Could you copy exactly the lines below, beginning at the line with "On the inside" and stopping after the line with "花菖蒲の見ごろは6月です、あ", with no pictures?

» RECORD EXTRACTS:
==============================
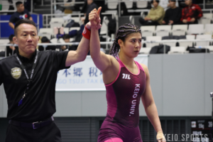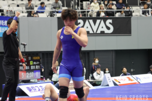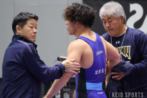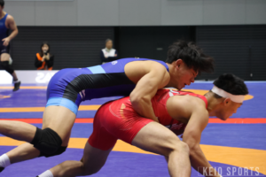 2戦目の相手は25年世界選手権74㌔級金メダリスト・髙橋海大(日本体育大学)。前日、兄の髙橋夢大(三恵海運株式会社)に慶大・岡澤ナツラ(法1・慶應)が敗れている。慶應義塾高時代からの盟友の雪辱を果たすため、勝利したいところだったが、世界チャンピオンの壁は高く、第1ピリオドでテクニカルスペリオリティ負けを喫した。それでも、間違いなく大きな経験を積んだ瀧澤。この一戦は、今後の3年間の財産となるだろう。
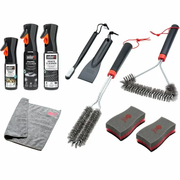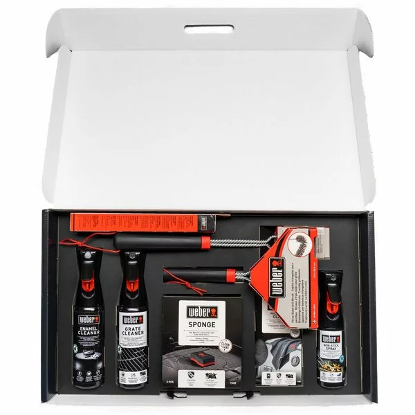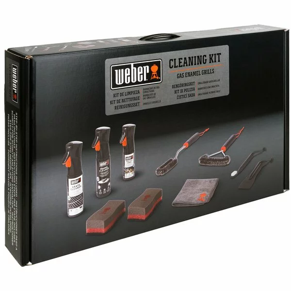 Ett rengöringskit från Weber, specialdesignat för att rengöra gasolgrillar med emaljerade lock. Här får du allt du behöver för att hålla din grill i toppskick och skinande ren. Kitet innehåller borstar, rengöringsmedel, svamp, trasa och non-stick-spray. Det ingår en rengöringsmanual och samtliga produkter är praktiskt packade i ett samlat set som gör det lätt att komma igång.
==============================
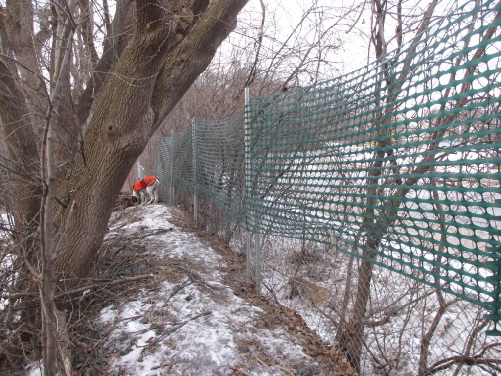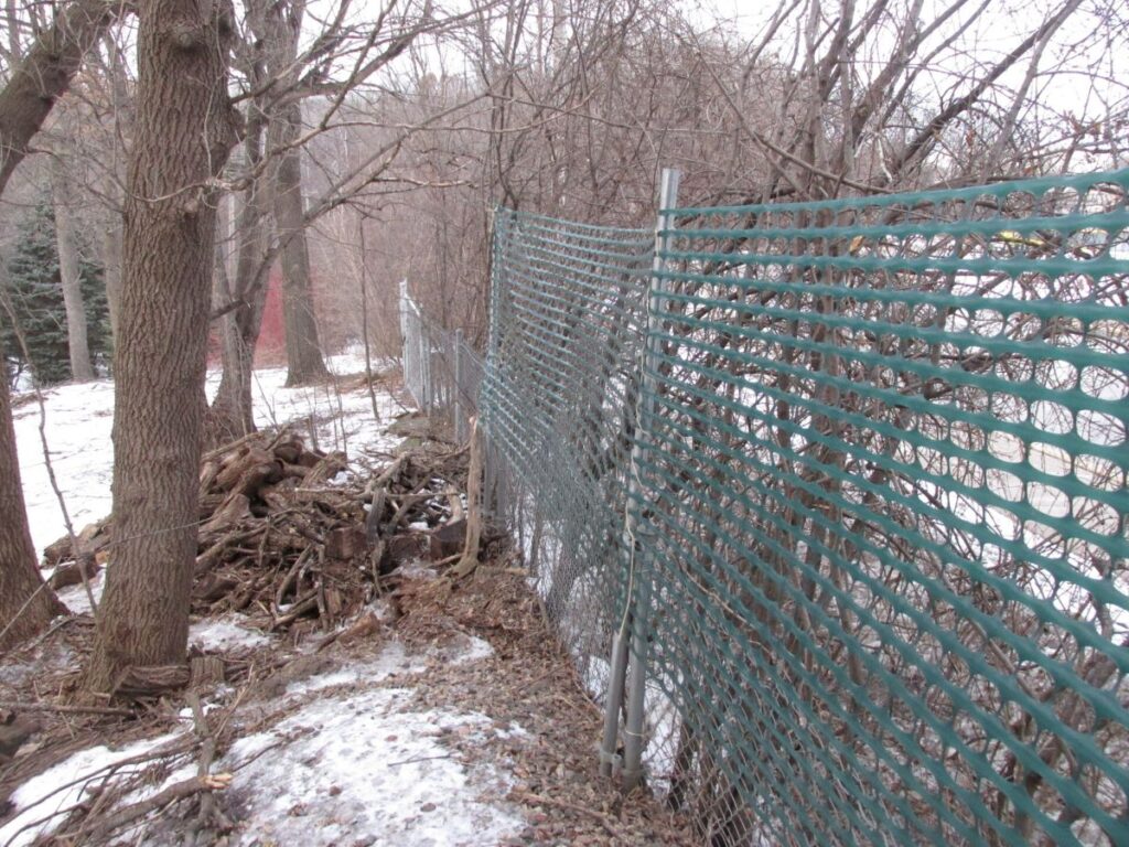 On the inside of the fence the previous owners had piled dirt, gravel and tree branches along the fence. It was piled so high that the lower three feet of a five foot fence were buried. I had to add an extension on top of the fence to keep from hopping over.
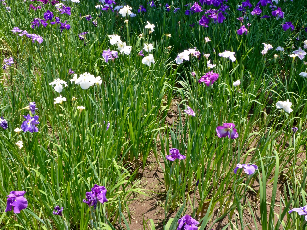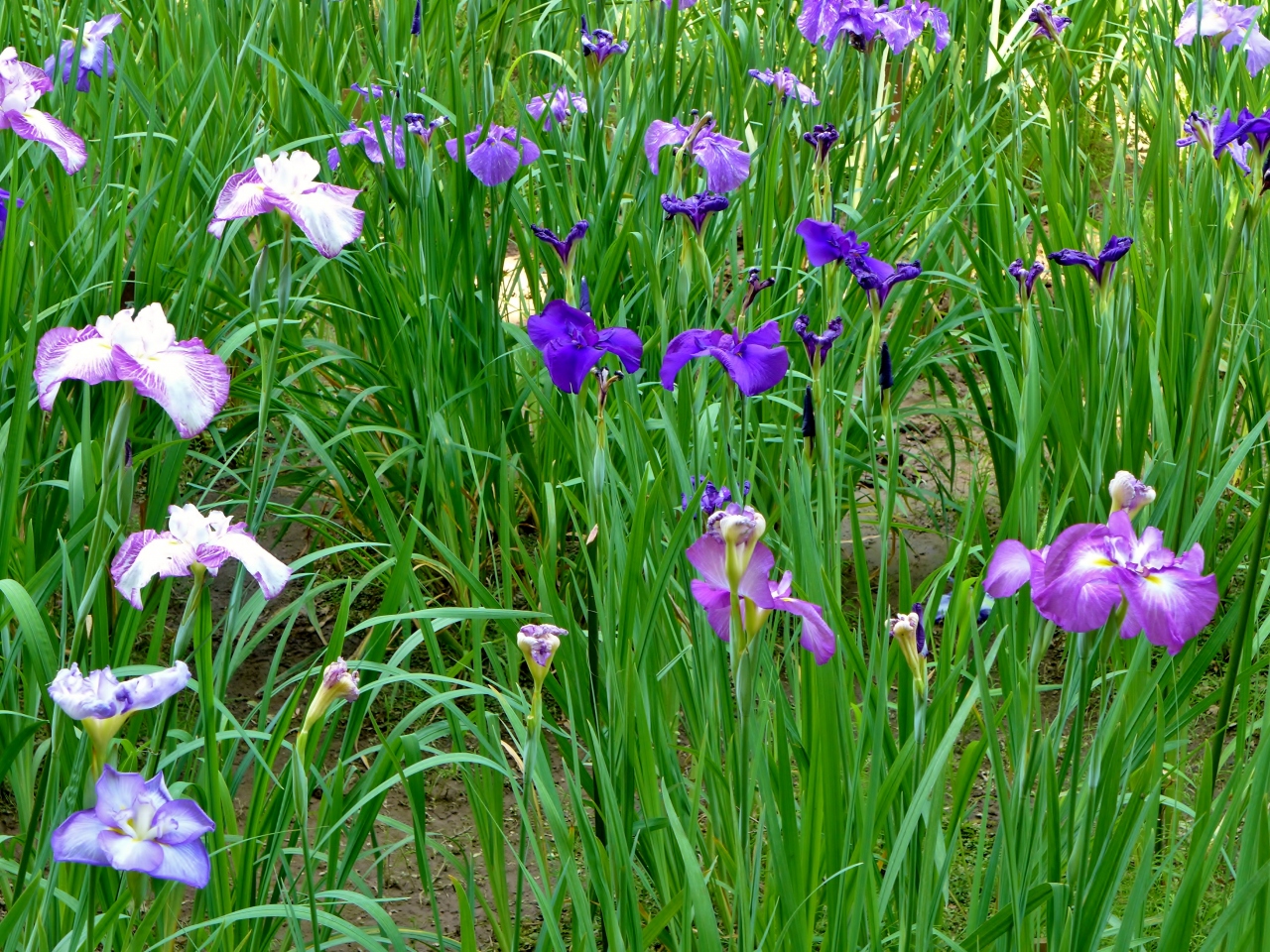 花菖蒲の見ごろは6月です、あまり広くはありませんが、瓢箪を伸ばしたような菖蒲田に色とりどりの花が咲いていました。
==============================
» TASK SOLUTION:
 On the inside of the fence the previous owners had piled dirt, gravel and tree branches along the fence. It was piled so high that the lower three feet of a five foot fence were buried. I had to add an extension on top of the fence to keep from hopping over.
 花菖蒲の見ごろは6月です、あまり広くはありませんが、瓢箪を伸ばしたような菖蒲田に色とりどりの花が咲いていました。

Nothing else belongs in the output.